Greetings from Lake Wabatongushi! I would like to apologize to our readers for the absence in web blogs. The past few weeks have been quite busy here at the lodge and unfortunately it has been hard to find the time to sit down and reach out to you. But here I am ready to fill you with great facts and information. Are you ready? I know I sure am.


The Perseids Meteor Shower


On August 12th and 13th we had the pleasure of viewing the Perseids meteor shower. The Perseids have been viewed for over 2000 years and are associated with the comet Swift- Tuttle. Starting in mid-July, you can view this natural beauty. The comet's tail ejects particles which in result produces meteors. When the Perseids reaches it's peak, 60 or more meteors can be viewed every hour. On the evening of August 12th, Devon Errington counted upwards to 90 meteors in one hour.

The Northern Lights

The northern lights, a naturally occurring light display in the sky, are a pleasure to view. Their beauty and colour will leave you in aw. In the northern hemisphere the display is known as the Aurora Borealis, or the northern polar lights. In the southern hemisphere ( Antarctica, South America, and Australasia) the lights are referred to as the Aurora Australis. The lights can be seen throughout the world as well as on other planets.

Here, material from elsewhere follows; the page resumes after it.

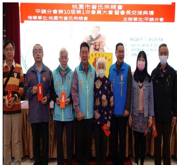
◆ 平鎮分會會員大會頒發敬老金

What causes the northern lights?

The northern lights are caused by the emission of Photons in the Earths uppper atmosphere which collide with solar wind and nitrogen and oxygen atoms in the sky. The result? The northern lights. Different atoms produce different colours. For example green or brownish-red lights are produced by the oxygen atoms while red or blue are produced by nitrogen atoms. The most common colours are green,pink, yellow, and pure red.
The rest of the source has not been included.